Janet Ackland

Personal information
- Nationality: British (Welsh)
- Born: 19 December 1938
- Died: 21 December 2019 (aged 81) University Hospital Llandough, Penarth

Sport
- Sport: Bowls
- Club: Penarth Belle Vue BC

Medal record
Representing Wales
World Outdoor Championship
| Bronze medal – third place | 1977 Worthing | pairs |
| Bronze medal – third place | 1977 Worthing | fours |
| Silver medal – second place | 1977 Worthing | team |
| Gold medal – first place | 1988 Auckland | singles |
Commonwealth Games
| Bronze medal – third place | 1994 Victoria | pairs |
British Isles Championships
| Gold medal – first place | 1989 | fours |
| Gold medal – first place | 1990 | fours |

= Janet Ackland =

Welsh bowls player (1938–2019)

Janet Ackland (1938–2019) was a Welsh international lawn and indoor bowler.

==Bowls career==
===World Championships===
Ackland won two bronze medals and a silver medal at the 1977 World Outdoor Bowls Championship; the silver medals came in the pairs with Lilian Nicholas and the fours with Joan Osborne, Enid Morgan and Margaret Pomeroy, the silver medal was in the team event (Taylor Trophy).
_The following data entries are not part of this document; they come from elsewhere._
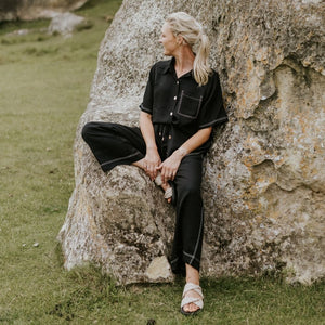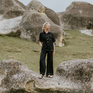 Wear it loose, tucked in, or styled with the Bowie pants for a coordinated, pulled-together summer look.
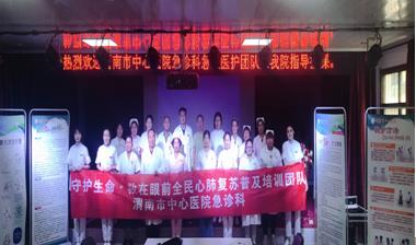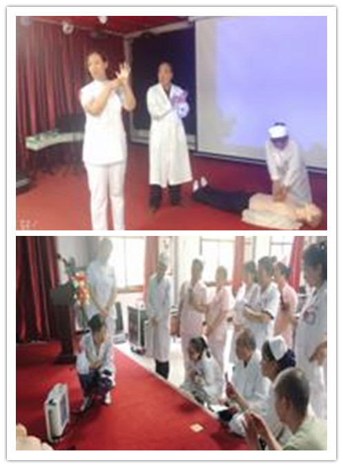 急诊科张娟红护士长为大家详细讲解心肺复苏操作的步骤及重点,吴新苗护士为大家演示;王二宁医师及穆晓红护士长对大家进行了心肺复苏及电除颤现场操作指导,使每位基层医护人员都能够准确掌握心肺复苏、电除颤。同时吴新苗护士为大家讲解了气道异物哽阻的急救方法(海姆立克急救法),董小萍、卜雨莎护士为大家演示,使大家在抢救患者的黄金时间,能够利用正确的急救知识及技能实施有效救治。
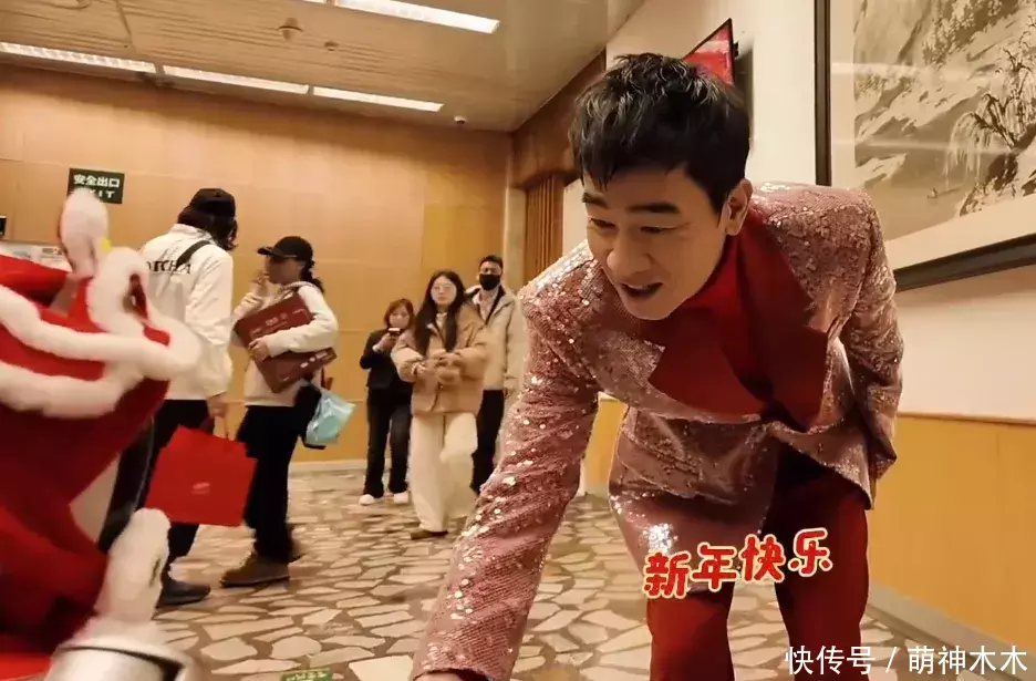 其他男星都穿着红色西装,开开心心打招呼,似乎节目彩排非常顺利。李昀锐和白鹿是同一个节目,在临上场彩排前还有说有笑。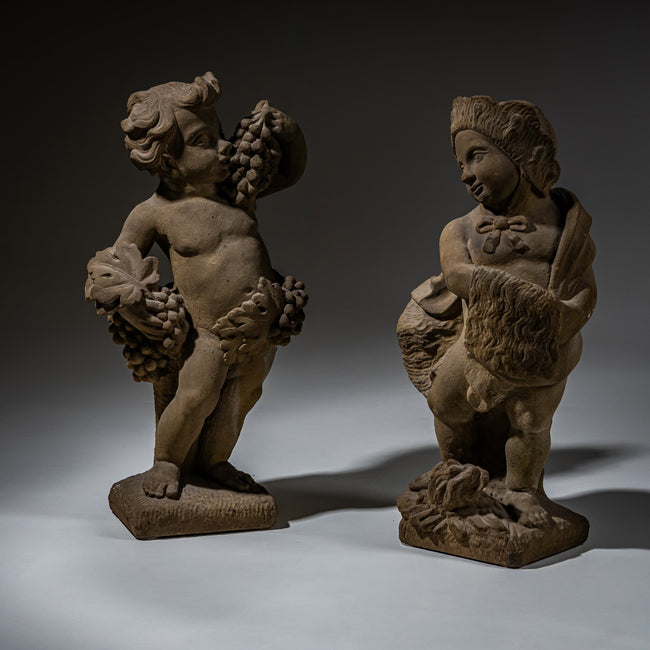 Paar allegorischer Putten aus Sandstein, die die Jahreszeiten Herbst und Winter darstellen. Der Herbst ist durch Weintrauben symbolisiert, während der Winter mit warmer Kleidung und einer kleinen Feuerstelle zu Füßen personifiziert ist.

Eleven years later the pinnacle of her long career came when she took the singles gold medal at the 1988 World Outdoor Bowls Championship in Auckland.

===Commonwealth Games===
Ackland competed at four successive Commonwealth Games and in the 1994 Commonwealth Games she won a bronze in the pairs with Ann Dainton.

===National===
Ackland began bowling in 1959 and won her first title at Llandrindod Wells in 1969 and was the 1980 and 1987 Welsh National Bowls Championships singles champion. She has been a member of the Welsh International bowling team since 1973, winning 100 indoor and outdoor caps. She was also the captain of her country's team.

===Awards===
Ackland is a member of the Welsh Sports Hall of Fame.